(Data)

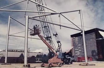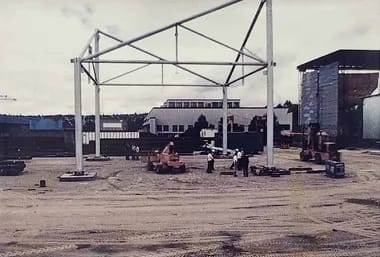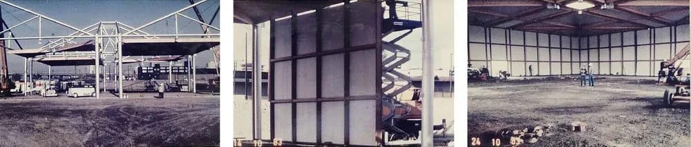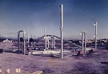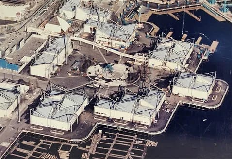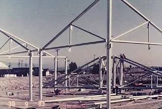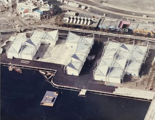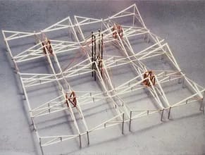 A prefabricated building system designed for the Expo 86 International Exhibition pavilions. It uses four basic building components and allows for the construction of buildings that are square or rectangular in plan with areas from 250 to 5000 square meters. Due to the specific shape of these components and their assembled configurations, these buildings can have large, column-free spaces with roof spans ranging from 15 to 51 meters long. Furthermore, the specific configuration of structural components also makes the buildings largely unsusceptible to differential settlement of the foundation. The bolted connections of the components allow the building to be easily dismantled and relocated for other uses.
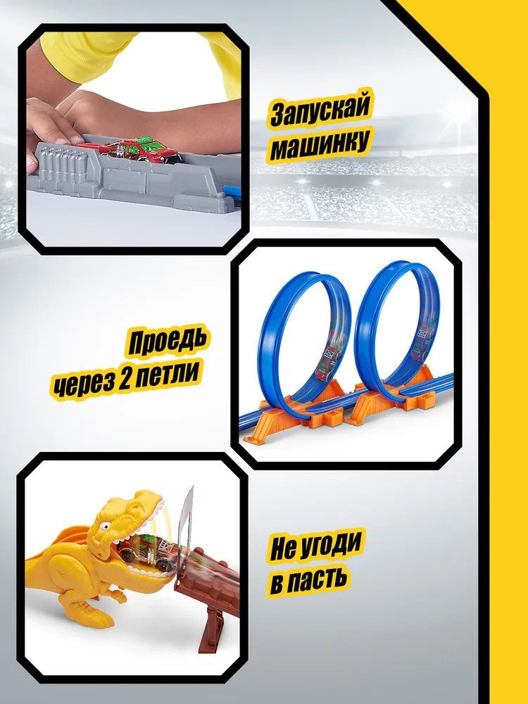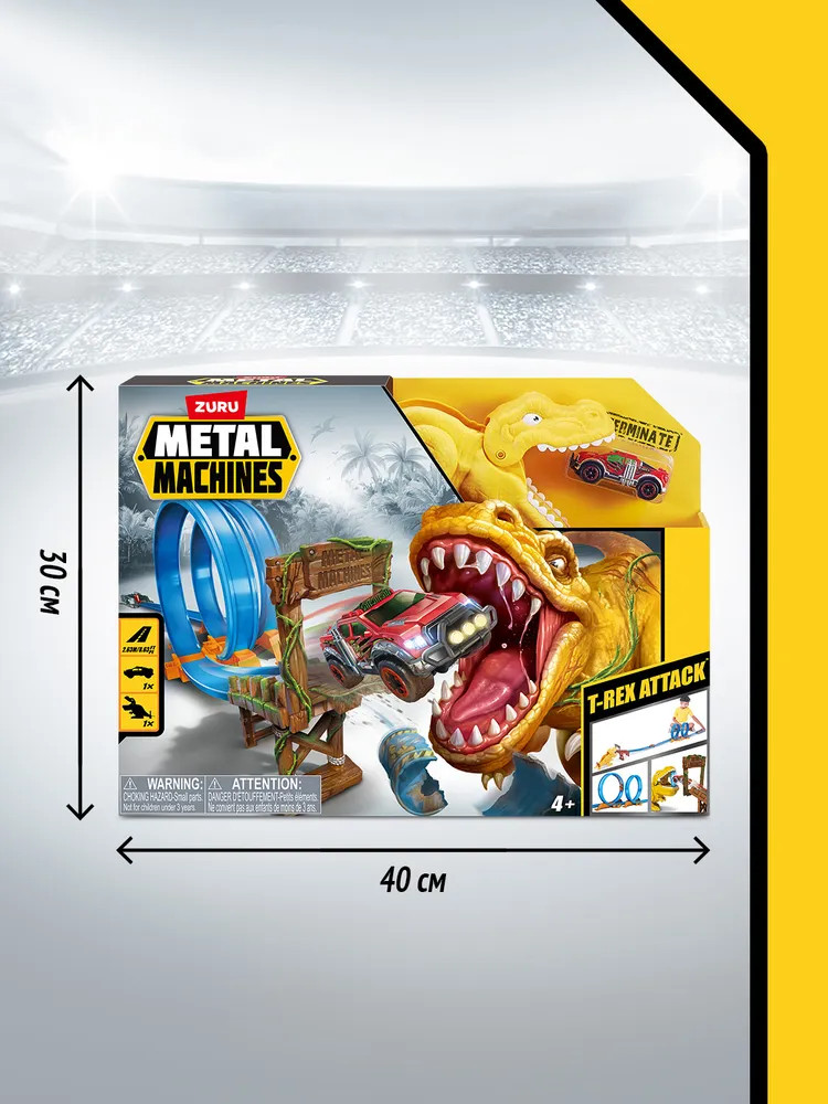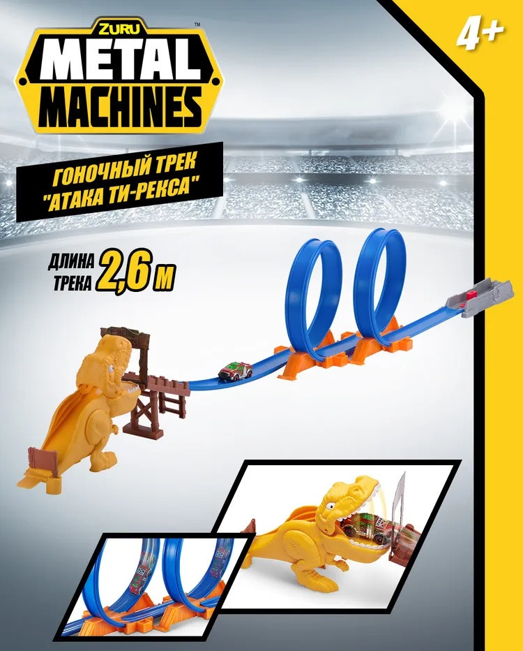 Zuru Трек гоночный с аксессуарами «Атака Ти-Рекса»В данный момент этот товар отсутствует в продаже. Возможно, у нас найдется аналогичный или похожий товар здесь. Серия: Metal Machines Игровой набор для тех, кто не боится опасности! Пройдите через мёртвые петли и не попадитесь в пасть к Ти-Рексу, отправляясь в путь по треку Metal Machines «Атака Ти-Рекса». Это захватывающая интерактивная игра, которая подарит много радости и веселья детям. В комплекте с этим набором вы найдёте автотрек длиной 2,6 метра с двумя петлями и трамплином, который ведёт прямо к Ти-Рексу. Трек полон различных препятствий и вызовов для вашей машинки. Не упустите возможность погрузиться в захватывающий мир гонок и приключений с игровым детским набором Metal Machines «Атака Ти-Рекса»! |
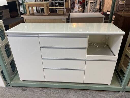 【超目玉・パモウナ入荷!】憧れの鏡面ホワイト・キッチンカウンター(幅140cm)が驚愕の80%OFF!?
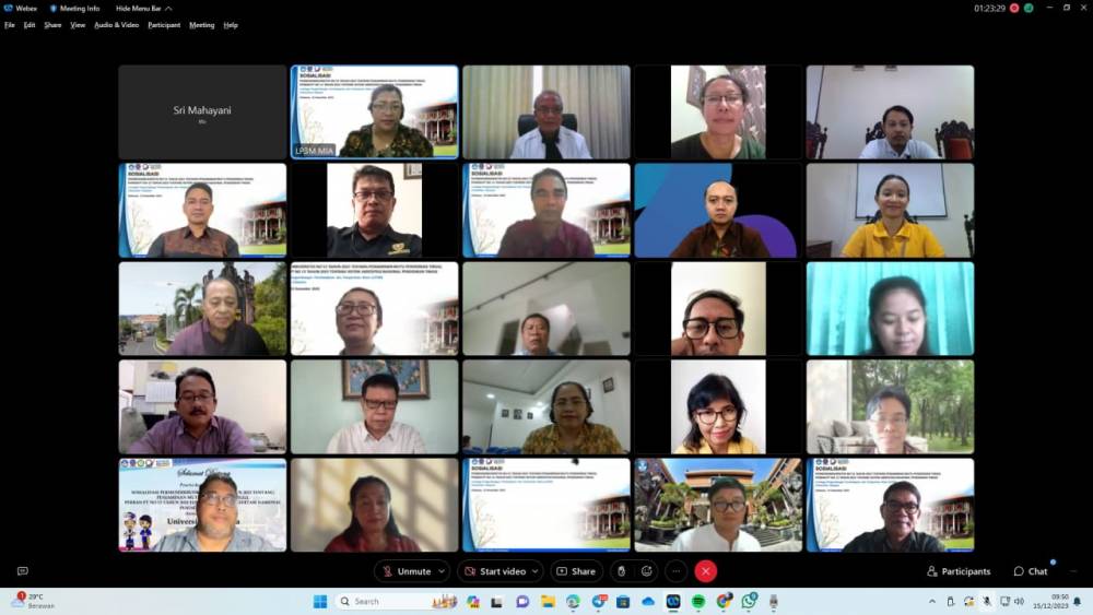 DENPASAR, lintasbali.com – Wakil Rektor Bidang Akademik Universitas Udayana Professor Rai Maya Temaja memberi sambutan sekaligus membuka acara Sosialisasi Permendikbudristek No 53 Tahun 2023 Tentang Penjaminan Mutu Pendidikan Tinggi, Perban PT No 13 Tahun 2023 Tentang Sistem Akreditasi Nasional Pendidikan Tinggi, yang diselenggarakan pada Jumat, 15 Desember 2023 secara Daring melalui Aplikasi Webex oleh Lembaga Pengembangan, Pembelajaran, dan Penjaminan Mutu (LP3M) Universitas Udayana.
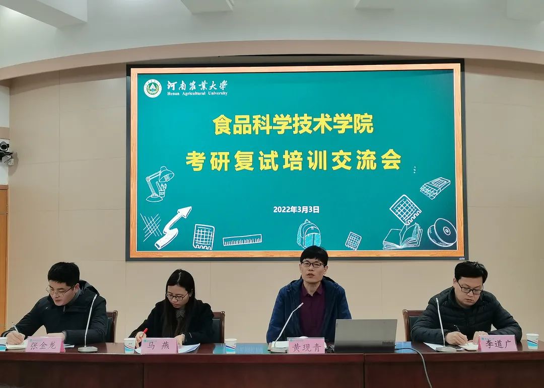 于文化路校区三百人报告厅召开考研复试培训交流会。院长黄现青、教学秘书马燕、院办老师李道广出席本次交流会,18级部分学生参加,此次会议由院辅导员张金龙主持。
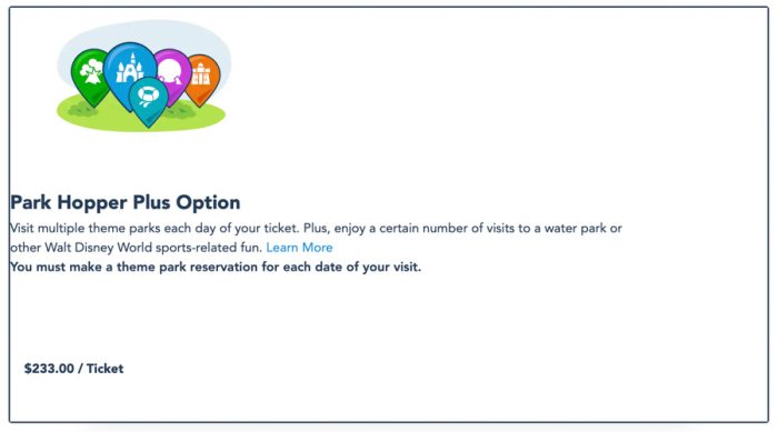 As for Park Hopper Plus, that add on is $233 per ticket for today. That’s $94 more than EPCOT’s single day ticket, $84 more than Hollywood Studios’, and $99 more than Animal Kingdom’s.
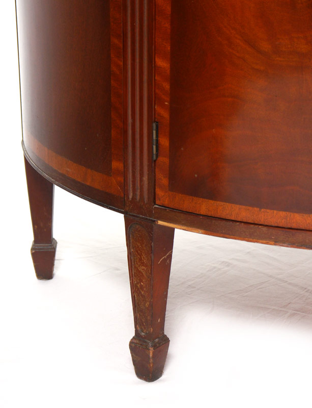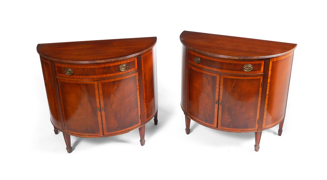 PAIR BANDED MAHOGANY DEMI CHEST COMMODES: Each with glass top, single drawer over double doors with single interior shelf. 33 1/2'' h. x 38'' x 19''

(End Data)

Extract exactly the lines above from the line containing "As for Park" through the last one, both ends included, but not the pictures.

Answer to this problem:
 As for Park Hopper Plus, that add on is $233 per ticket for today. That’s $94 more than EPCOT’s single day ticket, $84 more than Hollywood Studios’, and $99 more than Animal Kingdom’s.
 PAIR BANDED MAHOGANY DEMI CHEST COMMODES: Each with glass top, single drawer over double doors with single interior shelf. 33 1/2'' h. x 38'' x 19''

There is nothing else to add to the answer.